00:05:02.600 | to practice listening,

00:05:03.720 | but I don't know how to remove the subtitles.

00:05:06.040 | Please help me remove the subtitles.

00:05:07.960 | Now, this is the kind of thing

00:05:09.360 | that I am looking forward to.

00:05:10.600 | Honestly, it takes me like an hour at least,

00:05:13.880 | sometimes two to edit these videos in Descript

00:05:16.720 | and I'm looking for an agent

00:05:18.760 | that can kind of mimic my style of editing

00:05:21.900 | and just like immediately edit these videos.

00:05:24.480 | Why can't existing agents already crush the simpler tasks?

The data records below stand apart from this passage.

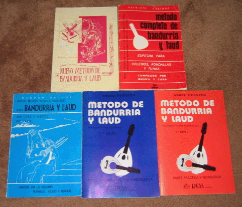 Photos of some traditional method books for the laud and bandurria. At this time I do not have any copies for sale. Perhaps you can find old copies on the internet.
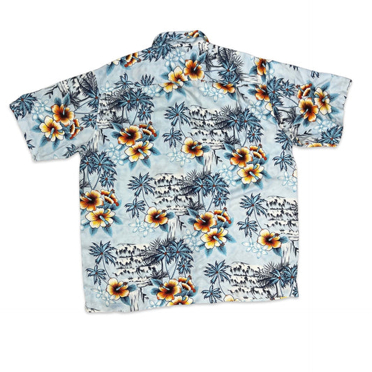 Vintage Blue Floral Hawaiian Shirt XXL 3XL
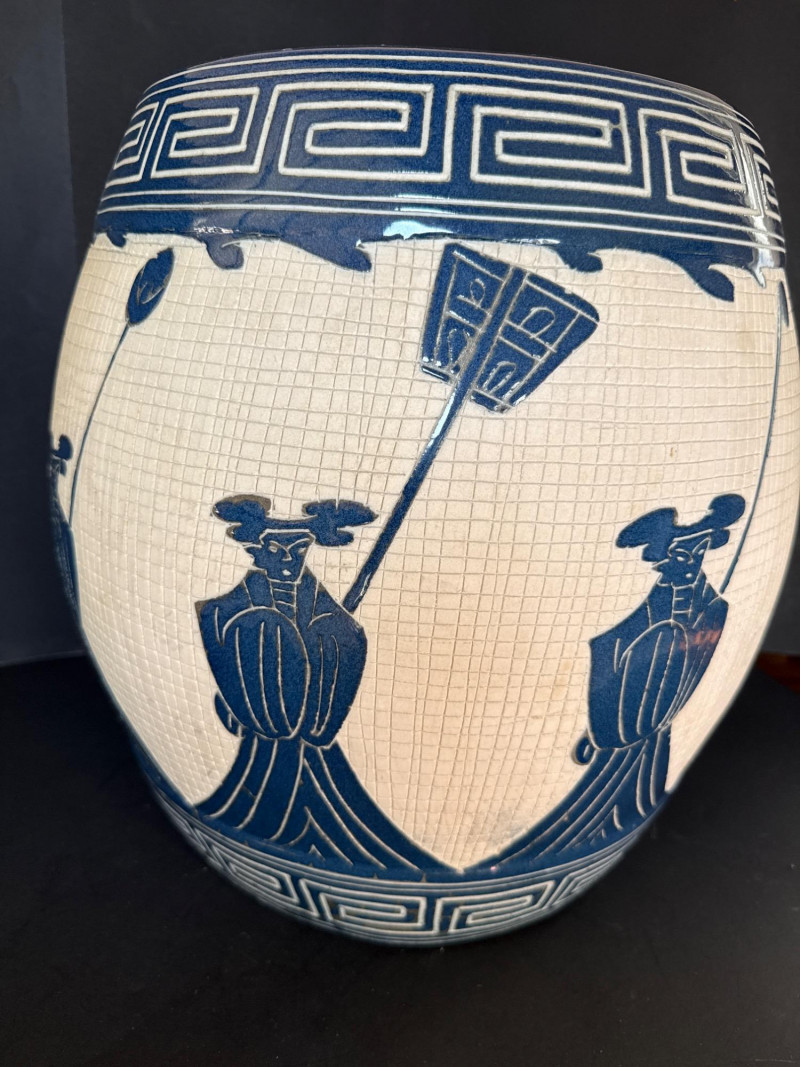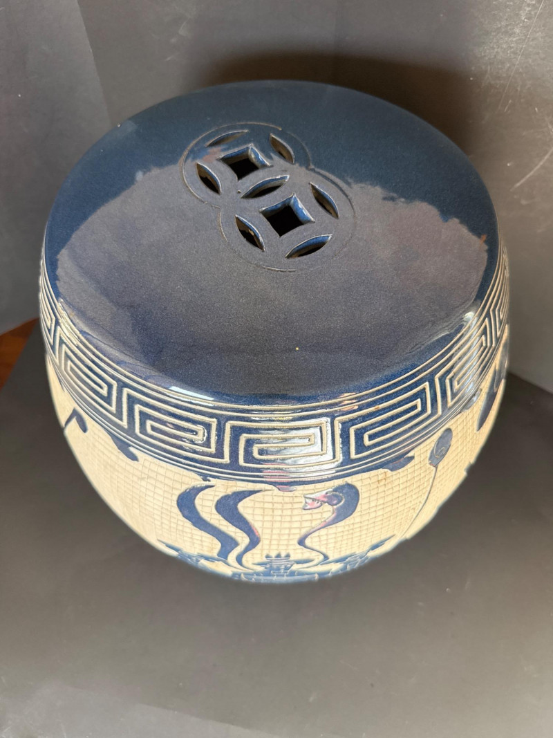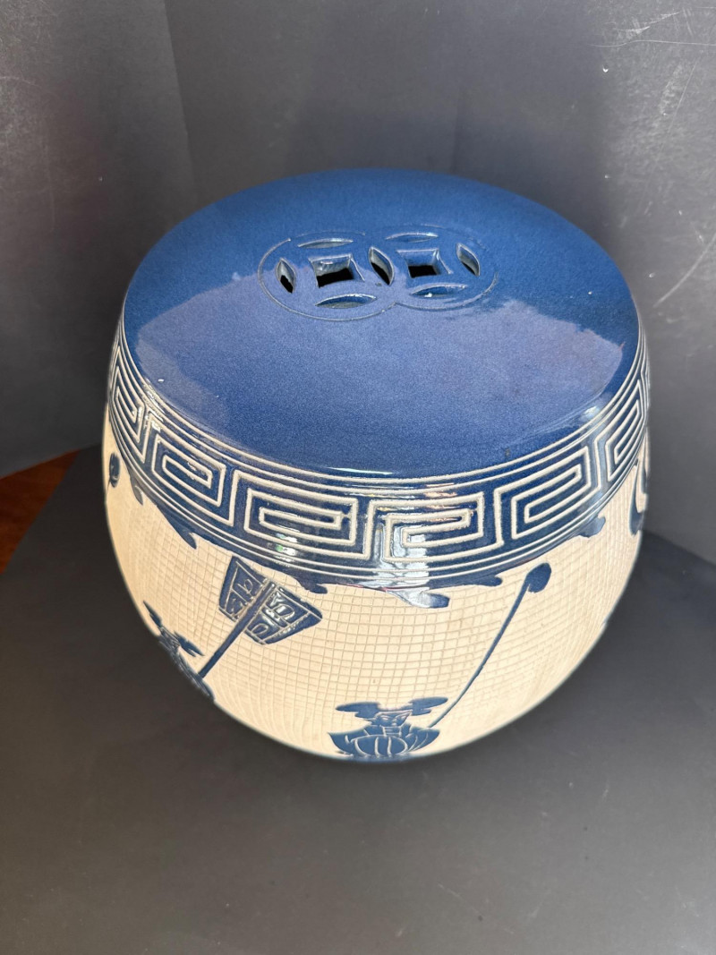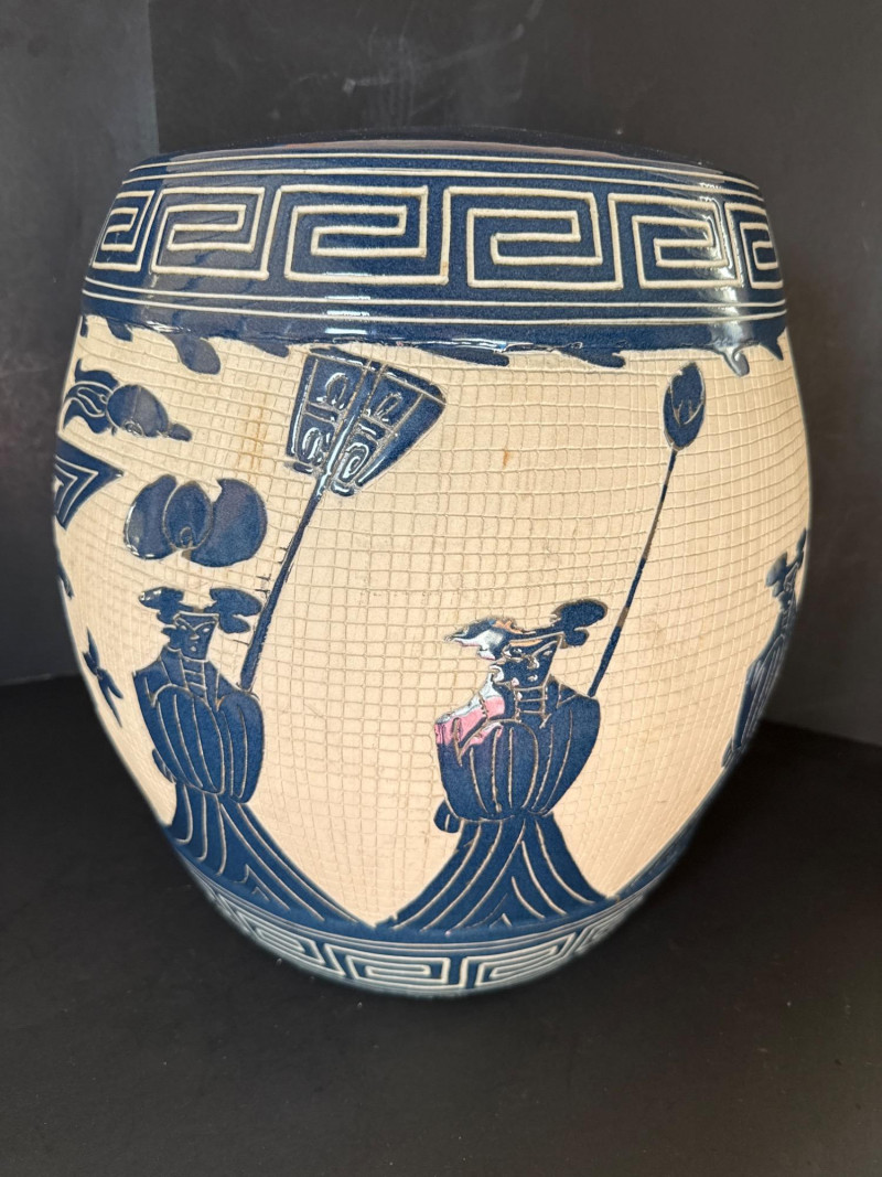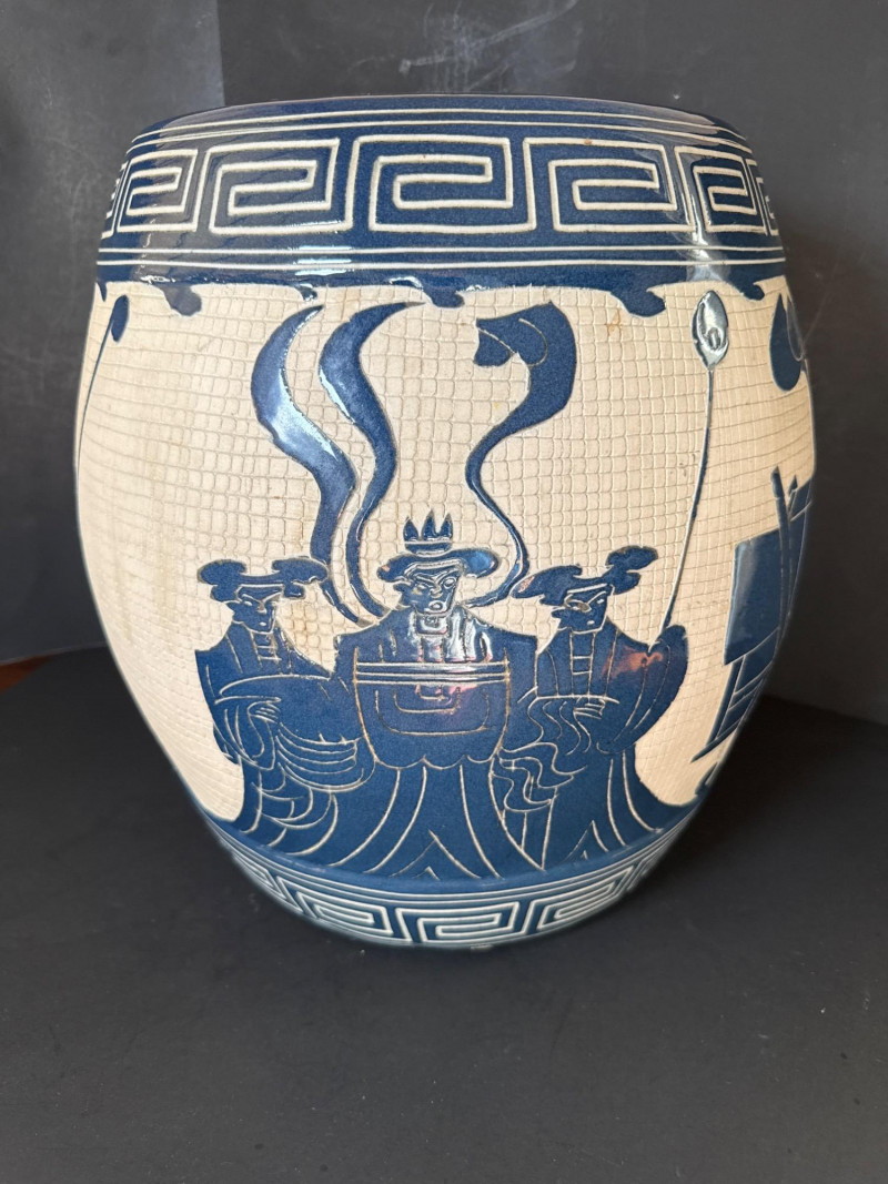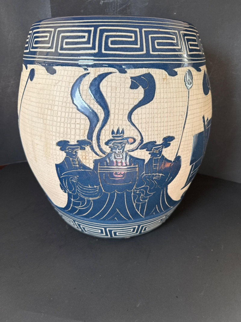 Asian Blue & White Garden Stool / Plant Stand Barrel-shaped garden stool in a traditional blue-and-white palette. The surface features a crackle glaze with figural procession scenes—attendants, banners, and a central seated figure—framed by classic Greek key borders. The pierced top allows it to serve as a stool, side table, or decorative plant stand. Material: Glazed finish with crackle effect (exact base material unknown)

00:05:28.320 | Well, apparently more than 75% of their clicks

00:05:31.880 | are inaccurate.

00:05:33.100 | Must be pretty frustrating to be an AI agent

00:05:35.560 | that's repeatedly clicking the screen

00:05:37.240 | and not being able to click the right thing.

00:05:39.040 | Oh, and also they were attracted by advertisement content,

00:05:43.320 | which affects their judgment.

00:05:44.720 | Just imagine you in the future

00:05:46.560 | having given your credit card to an AI agent

00:05:49.040 | and watching "Helpless" as it clicks on an ad

00:05:51.920 | and buys a random product.

00:05:53.800 | Now, I know the flaws of agents can seem silly sometimes,

00:05:57.080 | unlike we're years and years away from usable agents,

00:06:00.040 | but let me give you a little anecdote.

00:06:01.840 | Just almost for fun one time years ago,

00:06:04.400 | I created over 200 pages worth of mathematics puzzles

00:06:09.200 | and quizzes with explainers.

00:06:10.960 | Now, as it happened,

00:06:12.000 | those quizzes proved really quite useful

00:06:14.960 | to benchmark early AI models like the original ChatGPT.

00:06:18.520 | And as you probably experienced yourself,

00:06:21.000 | those early models like again,

00:06:22.600 | the original ChatGPT flopped hard

00:06:24.680 | on pretty much all of the questions

00:06:26.560 | except the most simple calculation ones.

00:06:28.640 | Fast forward two years

00:06:29.920 | after the initial release of ChatGPT

00:06:32.120 | and O1, when I got access,

00:06:35.200 | crushed pretty much every single question.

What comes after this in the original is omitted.